My heart just hurts over all this. I need help to know what to do and to be able to do it. I have no confidence in myself and my abilities or my perseverance.

I’ve been wasting a lot of time on genealogy. I have some fine people in my ancestry, but it just makes me feel like I am completely off track. I should be doing something amazing with my life, like all my grandparents did, but I’m wasting the opportunity. I don’t feel capable anymore. I just feel like I am getting old and unable to seize the day like I used to be able to.

So instead, I have been just not eating as well as I should, drinking more beer than I should, not being as active as I want to, and spending too much time absorbed in genealogy.

I’m glad I have this anonymous blog to share my deeply personal feelings. I would never share these things publicly with my name attached. But I think it helps to get it out there, more so than it would help to write it down in a private journal. I hope that I can get past these feelings of depression and lack of hope and get back to energy and productivity.

 

 

I want to love myself

I waste so much damn time when I could be writing. Do you do that? I sit here and piddle around with checking other websites that seem so important. I am avoiding the pain of writing. And then when I am constrained by other activities, I sit there and pine away for the writing. Why am I playing this game with myself? Why do I do these things to myself?

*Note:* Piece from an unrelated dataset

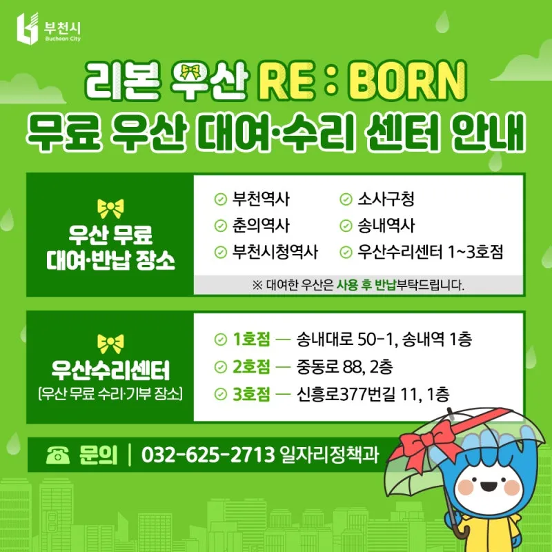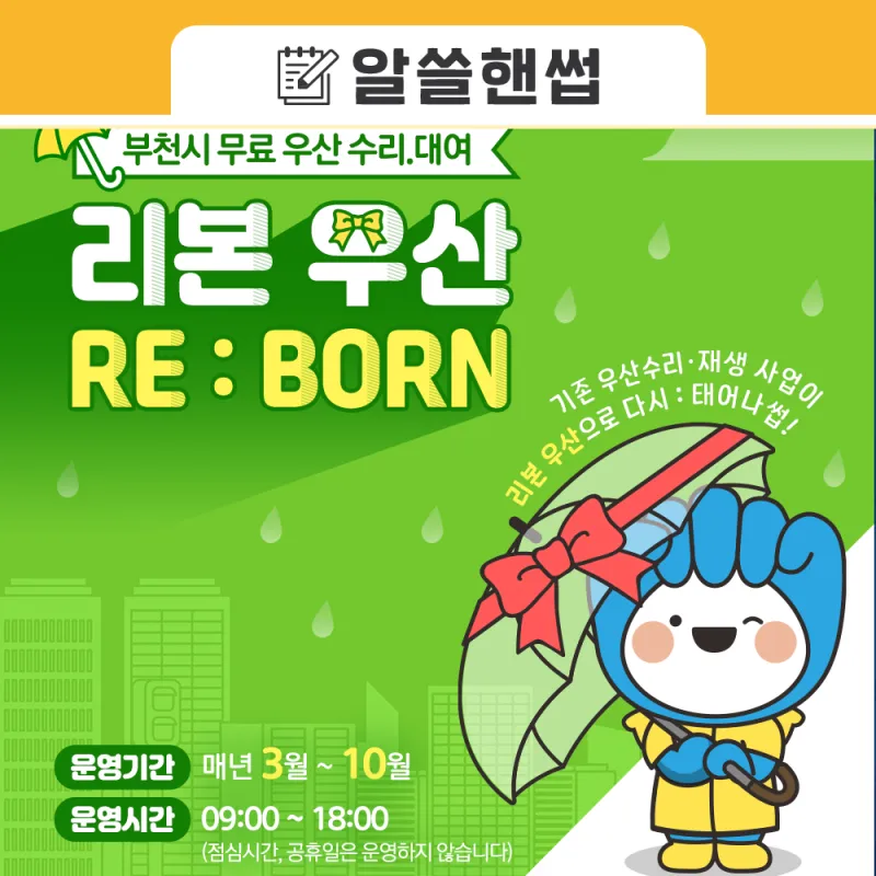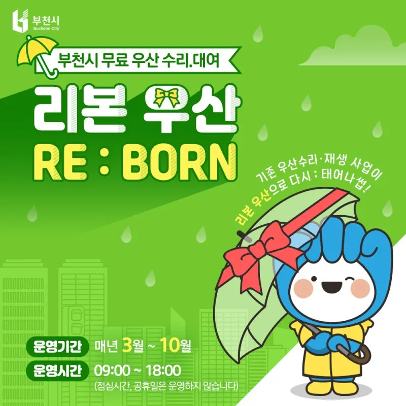 부천시 무료 우산 수리·대여 안내 ☔ 리본우산(RE:BORN)

I’ve lost twenty pounds since the beginning of the year. It’s been a slow process but a good one. I have much more than that to lose. But now that I am at the threshold of actually making a difference in my appearance, I have begun to sabotage myself. Why? I have been stuck for over a month now at the same weight or even a couple of pounds up. Why am I doing this to myself? Why can I not get it together? Why do I hate myself? Please, please don’t hate yourself. Please give me what I need, please stop being so cruel.

I need to write. I need to be a healthy weight. I want these things. But the me deep inside of me hates me and I don’t know why. God in heaven, please send help. I don’t know how to overcome this challenge. I have overcome so much in my life. But this…

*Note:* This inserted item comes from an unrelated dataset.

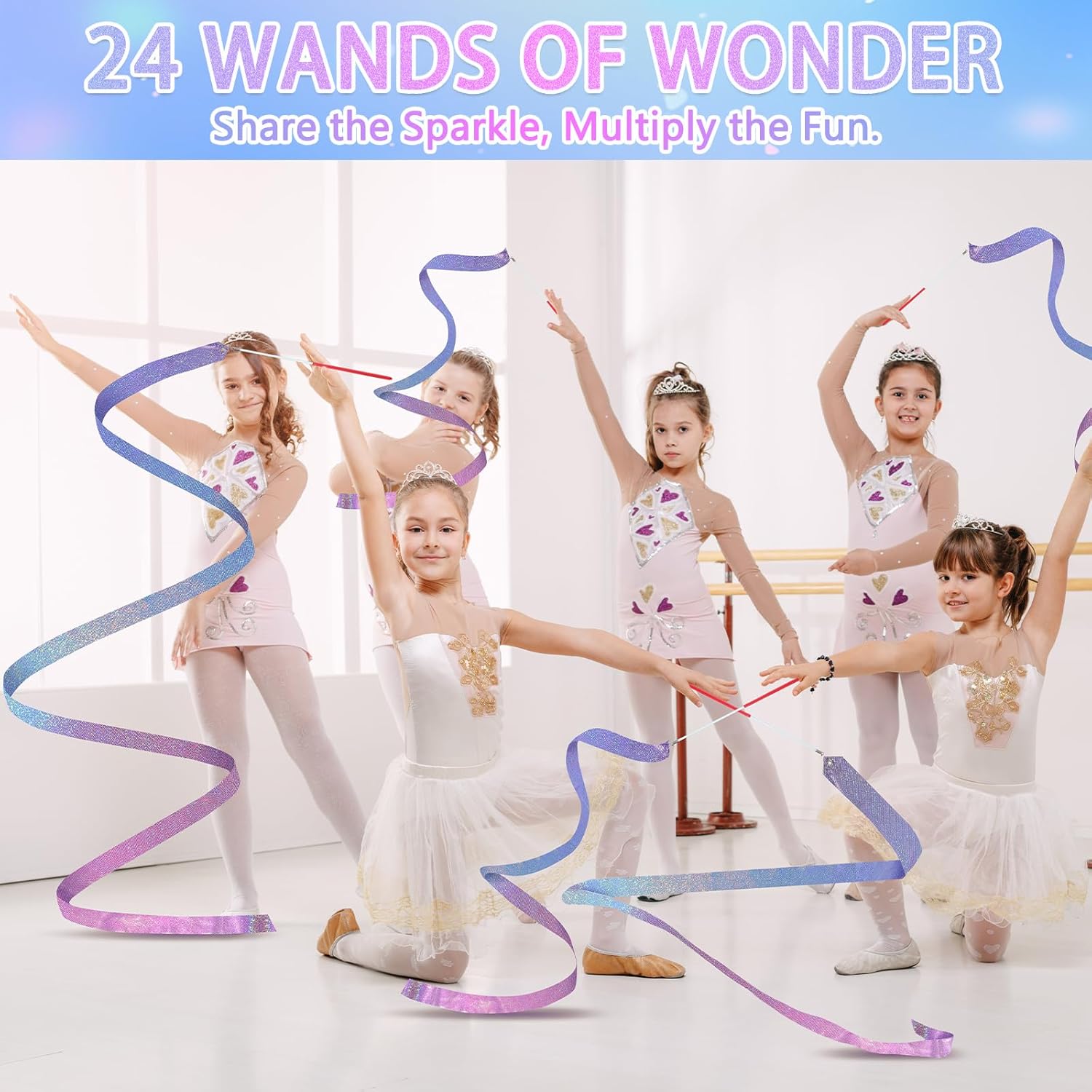 24 Pcs Sparkling Dance Ribbon for Kids Rhythmic Gymnastics Birthday Party Favors Twirling Streamer for Girl Princess Artistic Dancing Outdoor Game Supplies(Gradient Blue Purple)

I think part of it is that I hold myself responsible for some things I did as a young mother that I feel like affected my children, in particular my older three children. The younger two, I think I got it together more. But with the older three, I still had anger issues. And I cannot hold myself blameless on that. I feel like I damaged them. And two of them have had drug issues and one of those is probably an alcoholic and not seeking treatment. The other one is married to a man who is older than her actual father.

I blame myself for these failings.  And I cannot seem to let myself off the hook, which of course means that I am playing God in my own life because I believe that God forgives – but how do I go on knowing that my kids are suffering the consequences of my sins? And this is exactly what happened to my mother. She killed herself with alcohol and partly because of what she did to me. Maybe? I don’t know what she was thinking. Maybe she wasn’t even sorry for abandoning me. Maybe she truly believed that was what I deserved. Maybe all she was focused on was the fact that dad had left her for another woman and my mother’s parents were so heartbroken over how their only daughter had turned out.

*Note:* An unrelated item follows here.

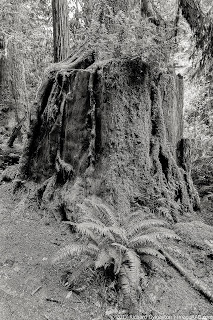 The trail runs along the creek and there are, of course, massive ferns in addition to thick green moss hanging from the trunks and branches of redwood trees. And other than the sound of water flowing and the wind rushing through the vegetation there is nothing to hear but the sheer cathedral-like silence of the natural world.

I don’t know how to make peace with my failings. It keeps coming back to haunt me. I’ll think that I have put it to rest and forgiven myself and let myself off the hook and then it will come back when I don’t expect it. Like with this next phase of my weight loss. I have to fight. I have to fight to set an example for my children. How is it going to help them if I kill myself, no matter how slowly I do it? How is it going to help them if I hate myself? They don’t want me to hate myself, I can tell you that with some confidence. I didn’t want my mother to hate herself after what she did to me. Maybe for a little while I did, but I was able to forgive her and all I wanted was for her to forgive herself and stop drinking.

The way for me to help my children is to love myself. It seems so simple but it is not easy. This is not a new discovery for me, but it is one that I seem to have to re-discover over and over again. God please, please help me to love myself for real, for permanent, for change. Please show me how to do it.